[Excerpted data — start]

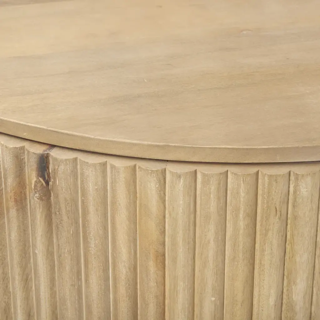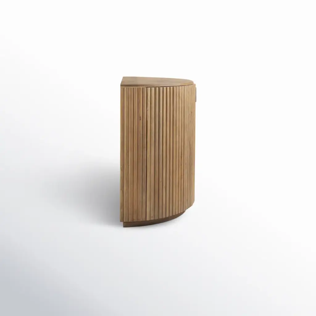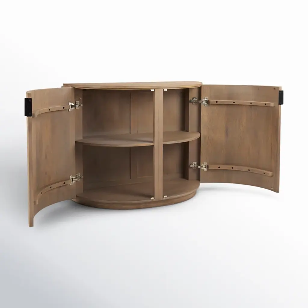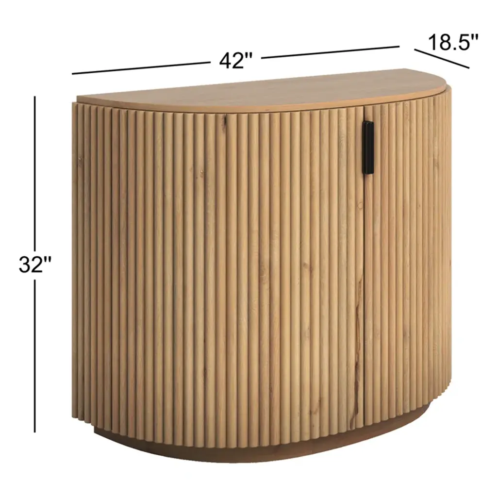 Bold and refined storage for your daily essentials. Our accent cabinet shows off a dynamic demilune silhouette and a rustic finish. The kiln-dried solid wood frame reveals a sandblasted texture, while two fluted doors create even more dimension to the piece. Iron handles offer lots of distinctive contrast while making it easy to access various items.
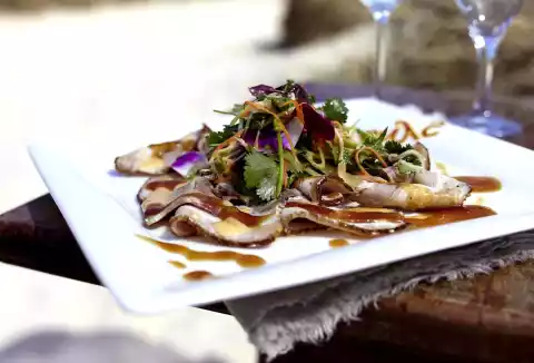 Let the pork belly cool down a little, then cut into very thin slices. Arrange on four plates and sprinkle with the Asian mayonnaise. Arrange the vegetable salad in the middle of the plates. Drizzle 1-2 tablespoons of Teriyaki sauce over each
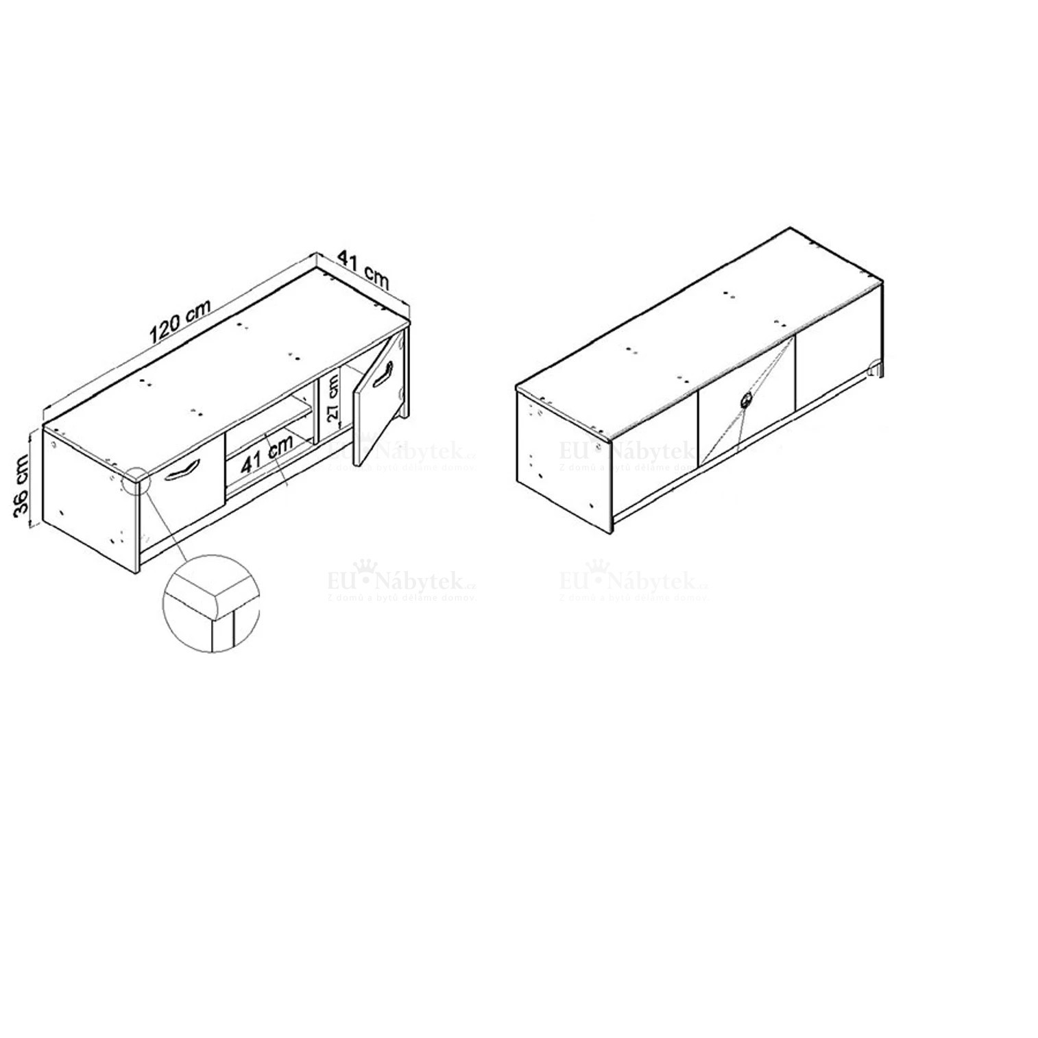 Tento RTV stolek je vyroben z vysoce kvalitní LTD, která se vyznačuje zvýšenou odolností proti poškrábání a odolností proti oděru a vlhkosti. RTV se skládá ze dvou skříní na bocích a jedné police uprostřed. Šířka je 120cm, výška 36cm, hloubka 41cm. V nabídce v několika barevných provedeních, které naleznete níže na stránce. Dodáváme v demontu.
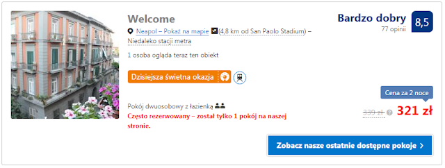 Proponujemy nocleg w Bagnoli Studio gdzie za apartament dla dwóch osób zapłacimy 235 zł za dwie noce (117,5 zł za osobę za dwie noce) lub obiekt Welcome gdzie za pokój dwuosobowy zapłacimy 321 zł (ok. 160 zł za osobę za dwie noce). Warto pamiętać, że w Neapolu obiekty w których nocujemy pobierają podatek miejski w wysokości 2 EUR za osobę za dzień.
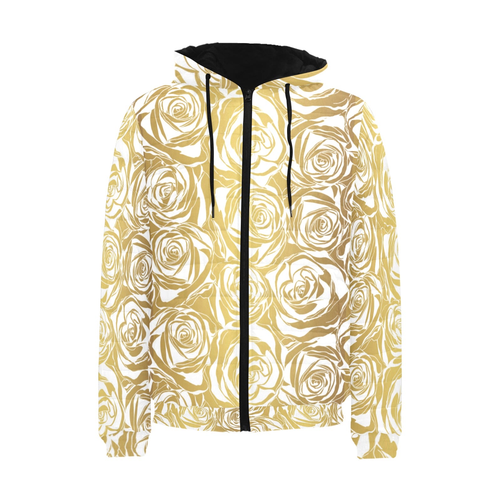 Rose Pattern Print Design 05 Men's Padded Hooded Jacket

[Excerpted data — finish]

Problem statement: Print the data exactly, from its first line to the line containing "Proponujemy nocleg w", both included. Omit the pictures.

Exercise result:
 Bold and refined storage for your daily essentials. Our accent cabinet shows off a dynamic demilune silhouette and a rustic finish. The kiln-dried solid wood frame reveals a sandblasted texture, while two fluted doors create even more dimension to the piece. Iron handles offer lots of distinctive contrast while making it easy to access various items.
 Let the pork belly cool down a little, then cut into very thin slices. Arrange on four plates and sprinkle with the Asian mayonnaise. Arrange the vegetable salad in the middle of the plates. Drizzle 1-2 tablespoons of Teriyaki sauce over each
 Tento RTV stolek je vyroben z vysoce kvalitní LTD, která se vyznačuje zvýšenou odolností proti poškrábání a odolností proti oděru a vlhkosti. RTV se skládá ze dvou skříní na bocích a jedné police uprostřed. Šířka je 120cm, výška 36cm, hloubka 41cm. V nabídce v několika barevných provedeních, které naleznete níže na stránce. Dodáváme v demontu.
 Proponujemy nocleg w Bagnoli Studio gdzie za apartament dla dwóch osób zapłacimy 235 zł za dwie noce (117,5 zł za osobę za dwie noce) lub obiekt Welcome gdzie za pokój dwuosobowy zapłacimy 321 zł (ok. 160 zł za osobę za dwie noce). Warto pamiętać, że w Neapolu obiekty w których nocujemy pobierają podatek miejski w wysokości 2 EUR za osobę za dzień.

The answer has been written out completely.